4. Slew Rate Modulation

5. Sine Wave Generator with Extremely low Harmonic Distortion

6. Image Vectorization Processing

7. DNAx and Ultra Wide Band Communication

8. Modeling Dynamic Nyquist Pulses with DNAx Technology

9. Real-Time Adaptive Domain Multiplexers: ATDM

10. Multichannel Pulse Width Modulation

The PSP proved to be very efficient for programmable logic applications. PSP explores the FPGA parallelism executing complete instructions using much fewer clock cycles. For one tested application, a Pulse Position Modulator required 100,592 clock cycles of instructions when using serial DSP logic programming. The same operation can be achieved with equal performance, but in just 27 clock cycles when PSP programing is implemented. The processing power was increased by a factor of 4,096 times. For more information, Contact Us.

Software based manipulations can dynamically change in real time with the DNAx Operator parameters. Because of that, without the need to digital filters, it is possible to build the ideal pulse shape that is most suitable for the communication channel characteristics at a given moment. The same pulse shape is used to implement logic calculations during the programming process. More specifically, same calculation routines can be executed on the logic block of the system, using pulses with different roll-offs. For more information, Contact Us.

This application carries the potential to achieve a dramatic increase the data compression rates. A conceptual prototype was already tested successfully, showing a 4/3 compression rate at 207Mbit/s. The compressed output data stream was chosen to be a Pulse Position Modulated (PPM) stream. The compressed data occupied 0.75 of the time compared to the original uncompressed data stream. The coding algorithm is based in a family of sixteen polynomials that are able to represent a four-bit digital word. The conceptual prototype was part of the demo track show at the IEEE congress in Newport Beach on January 2014. See: Paper 241.

DNAx technology mathematically defines the rectangular function transitions, 0-1-0, as continuous. As consequence, variations on how fast the transitions occurs is a simple matter of changing the parameters of the DNAx equation. If the DNAx parameters are changed according to a modulating function, it is possible to impose correlated slew rate variations to complete the modulation process. The slew rate is in fact the fourth parameter that is now available to transmit information. The other three parameters are; the amplitude, the frequency and the phase. See: Paper 129.
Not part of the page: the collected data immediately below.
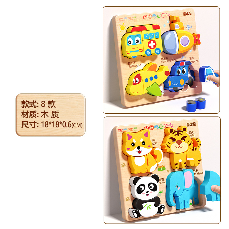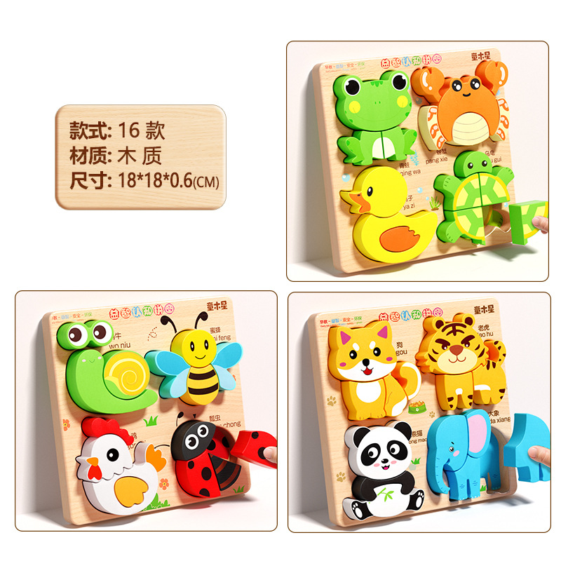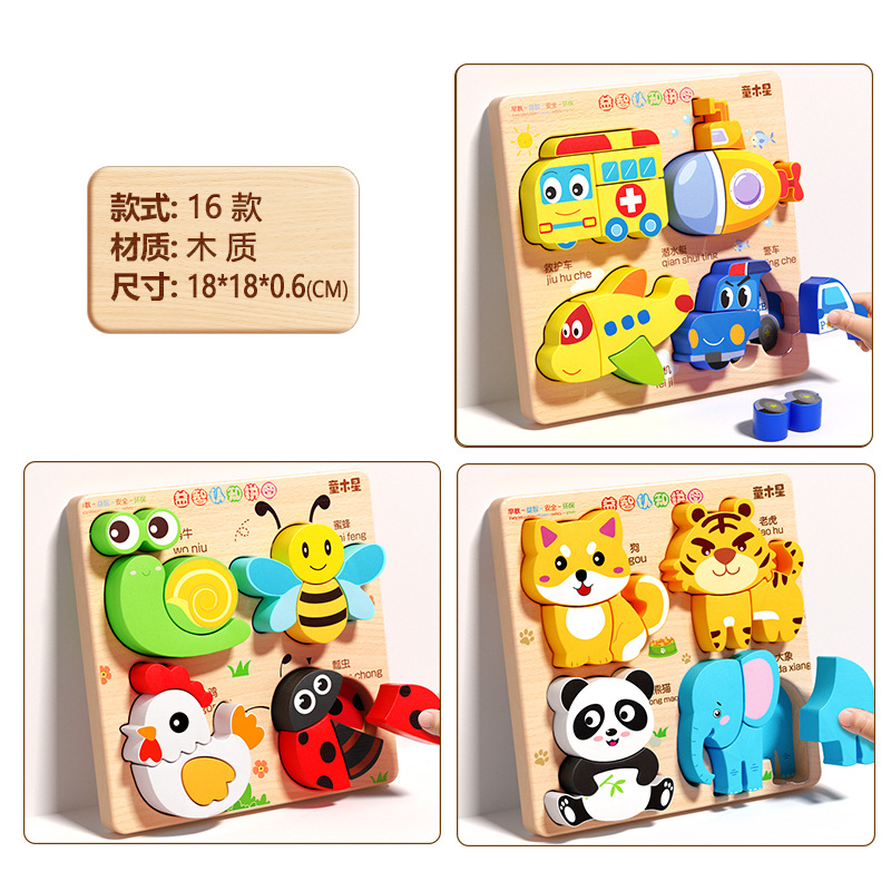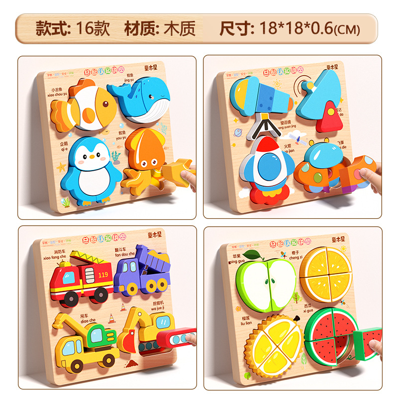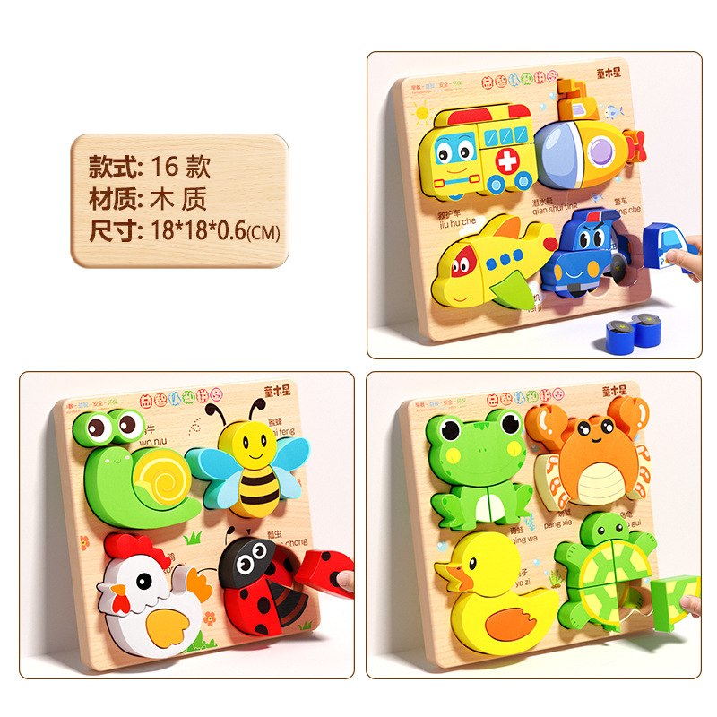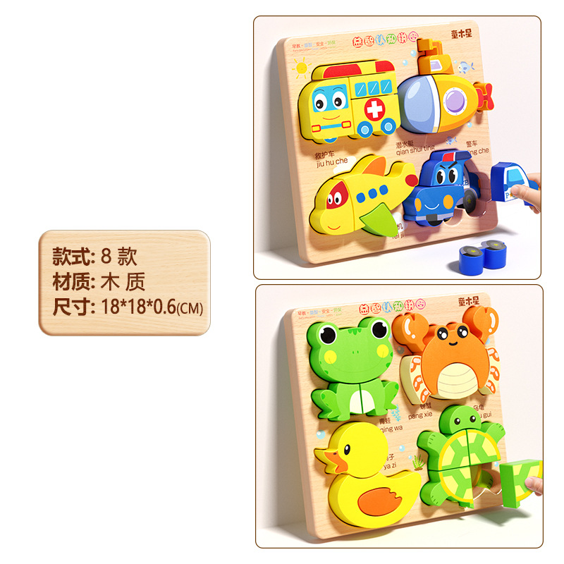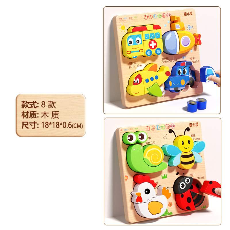 입체 퍼즐판 나무 몬테소리 조기교육 교육용 퍼즐 매칭 블록 1~2세 3세 남아 여아 6세 장난감 조립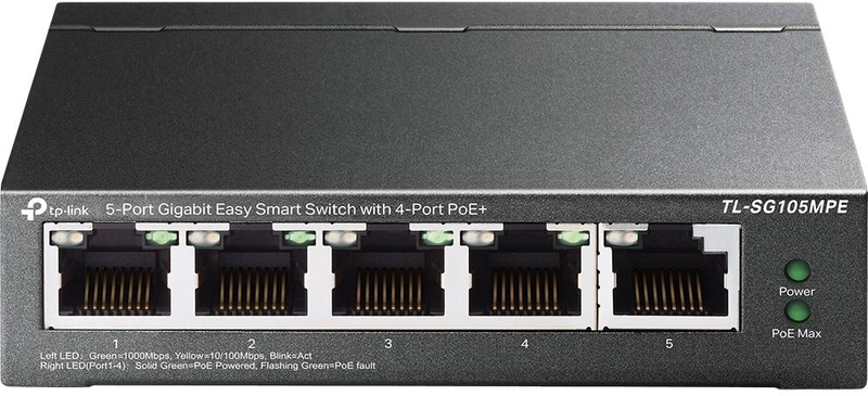 TP-Link TL-SG105MPE, Коммутатор Easy Smart с 5 гигабитными портами (4 порта PoE+), 802.3af/at, бюджет PoE — 120 Вт, стальной корпус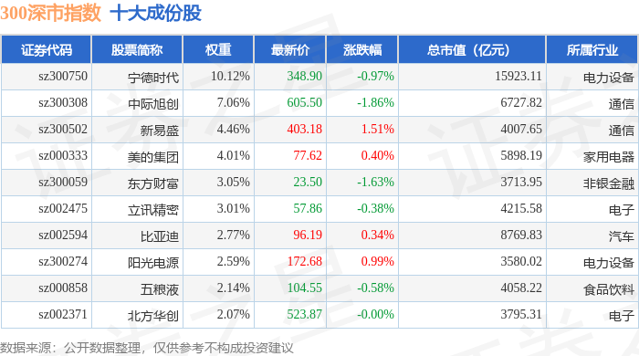 300深市(399972)指数十大成份股详情如下: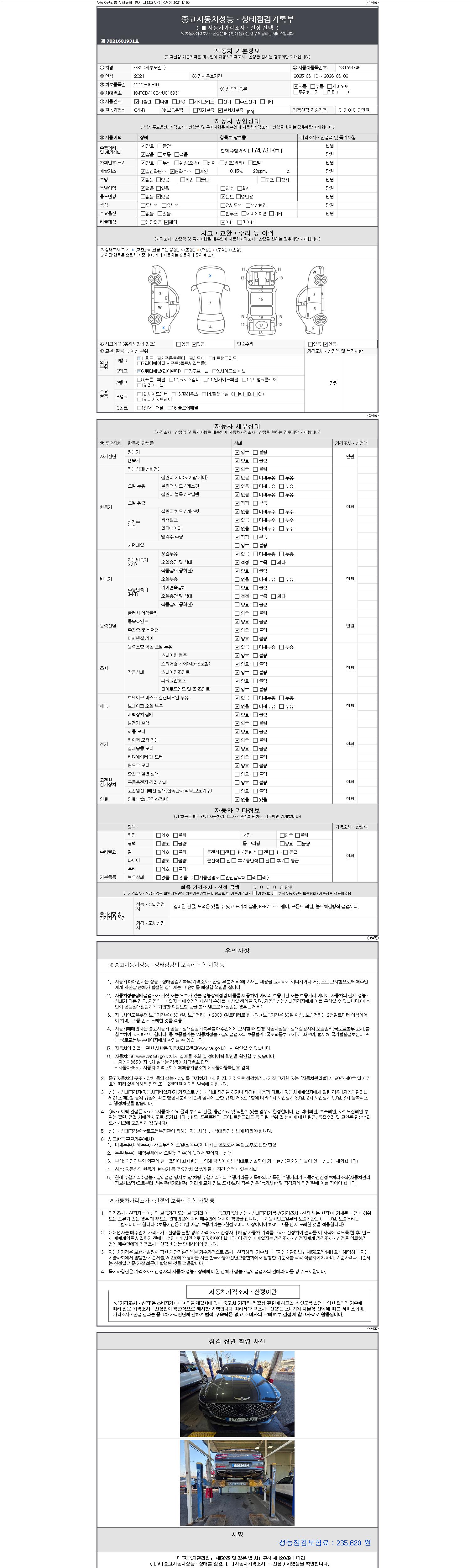 - 사고유무 : 성능기록부 참조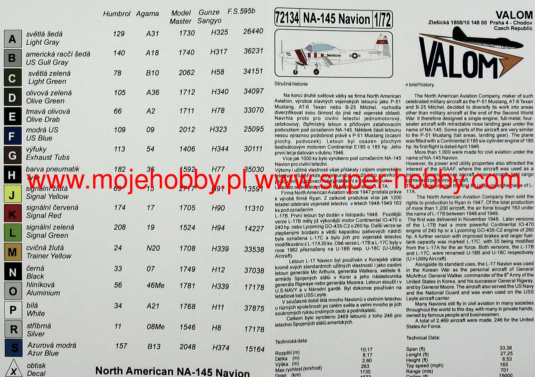 North American NA-145 Navion американский лёгкий низкоплан времен холодной войны. Полет прототипа состоялся вскоре после окончания Второй мировой войны, и в 1946-1947 годах было построено около 1100 экземпляров этого самолета. В версии Navion A привод обеспечивался одним двигателем. Continental E-185-3 мощностью 205 л.с. Машина была около 8,3 метра в длину с размахом крыла около 10,2 метра. Максимальная скорость составляла до 257 км/ч. Представленный самолет разработан на заводах North American Aviation, предназначен в первую очередь для американского гражданского рынка, как легкая и, возможно, дешевая в покупке и эксплуатации пассажирская и транспортная машина. Интересно, что изначально он назывался НА-143, которое, однако, с запуском производства было изменено на НА-145. Однако самолет относительно быстро вызвал интерес ВВС США, которые также разместили заказ на эту машину. В ВВС США NA-145 служил под обозначением NA-154 и L-17, где использовался как легкая машина связи и как учебно-тренировочная машина для адептов. Учебный корпус офицеров запаса. Стоит добавить, что с 1948 года самолет производился и разрабатывался заводами Ryan Aeronautical Company.

The total harmonic distortion, THD, can be set as low as desired for a sine waveform function. DNAx Technology developed a linear process of sum of DNAx square-waves-like, SWL, which is able to generate a sine waveform. The more SWL signals are parceled in the sum process, the lower the THD will be. Each SWL will have a specific amplitude and specific phase, however, all the SWL's are generated on the same frequency, and this frequency is also the frequency of the output sine waveform signal. This process is named the dual of the Fourier series. A system composed by eight SWL has generated a sine waveform signal showing a THD of -72dB. Increasing the number of SWL up to 24, the THD becomes -304dB. For more information, Contact Us.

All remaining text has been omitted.